Les classifications des troubles mentaux aux États-Unis
ont été développées de façon largement indépendante des
références européennes et dans un objectif pragmatique
inscrit dans l’histoire politique et sociale du pays [2, 3].
Les troubles mentaux résultants de lésions cérébrales
ont toujours occupé une place spéciale dans les classifications des maladies mentales, mais cette place a varié au
cours des différentes éditions des DSM (tableau 1).
L’édition originale : le Diagnostic
and statistical manual
of mental disorders
Le Diagnostic and statistical manual of mental disorders (devenu DSM-I) a été créé par l’APA en 1952 [4]

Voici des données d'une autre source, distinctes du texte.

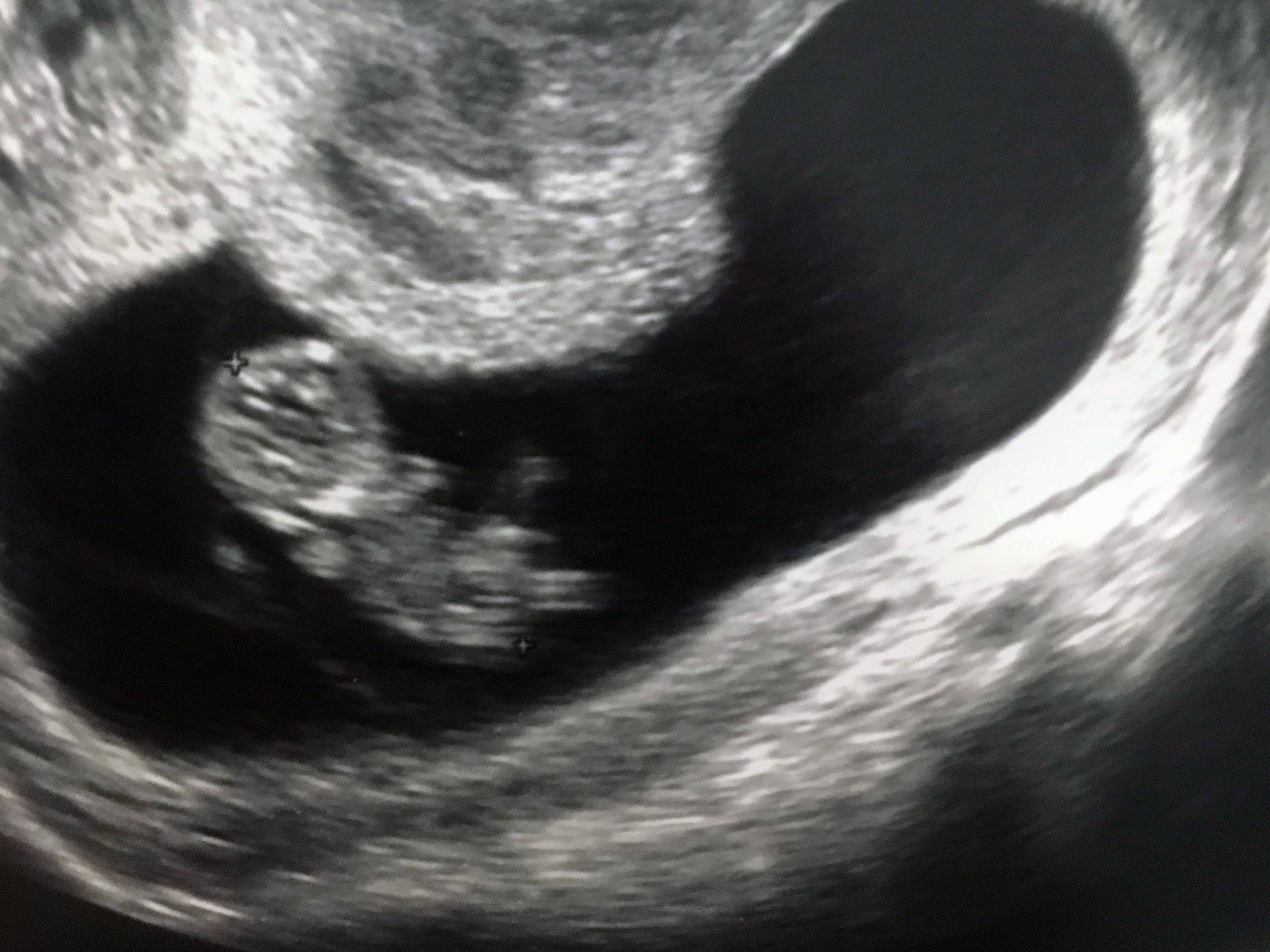 妊娠3ヶ月に入ったばかりの健診で撮影したエコー写真です。中央左側に見えるのが赤ちゃん。頭と体がはっきりしてきて、急に人間っぽい形に成長していてびっくり!
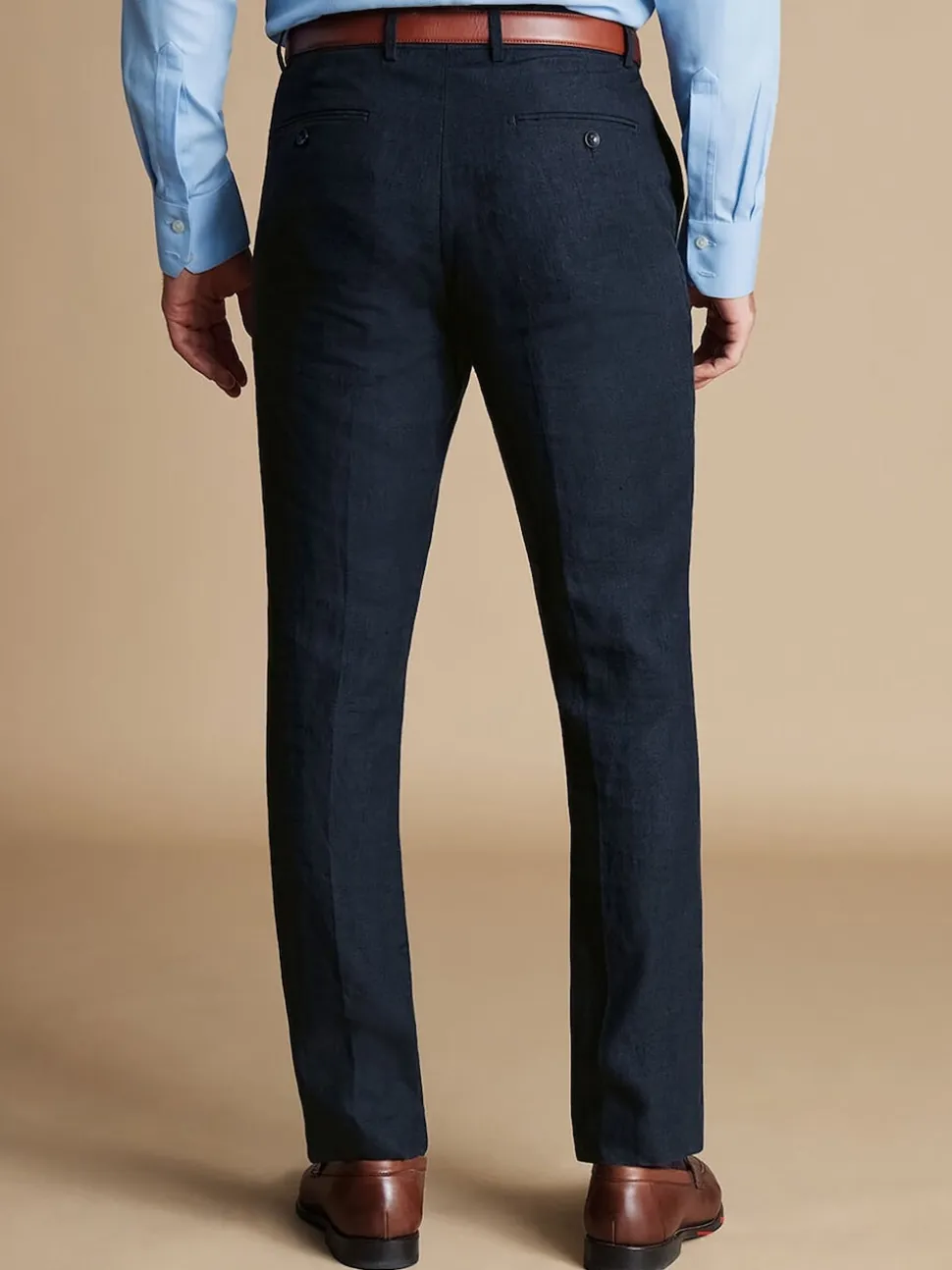 Bleu – Charles Tyrwhitt Coupe ajustée 100% Lin Pantalons

pour unifier les classifications existantes aux États-Unis. La
première classification américaine datait de 1915 (The statistical manual for the use of institutions for the insane),
mais c’est l’introduction, sous l’égide de l’APA, d’un chapitre sur les troubles mentaux dans la version de 1935 de
la Standard classified nomenclature of diseases (SCND),
qui va constituer la référence ; son objectif était toutefois purement statistique et ne concernait que les hôpitaux
psychiatriques (mental state hospitals). La SCND a été plusieurs fois remaniée, mais également appliquée de façon
très variable selon les endroits. En outre, elle s’est révélée inadéquate pour classer les troubles mentaux observés
chez les combattants lors de la Deuxième Guerre mondiale.
1
Le passage des chiffres romains utilisés dans les précédentes versions aux chiffres arabes a pour objectif d’assurer l’homogénéité avec la
Classification internationale des maladies et de permettre des révisions intermédiaires (5,2 ; 5,3. . .).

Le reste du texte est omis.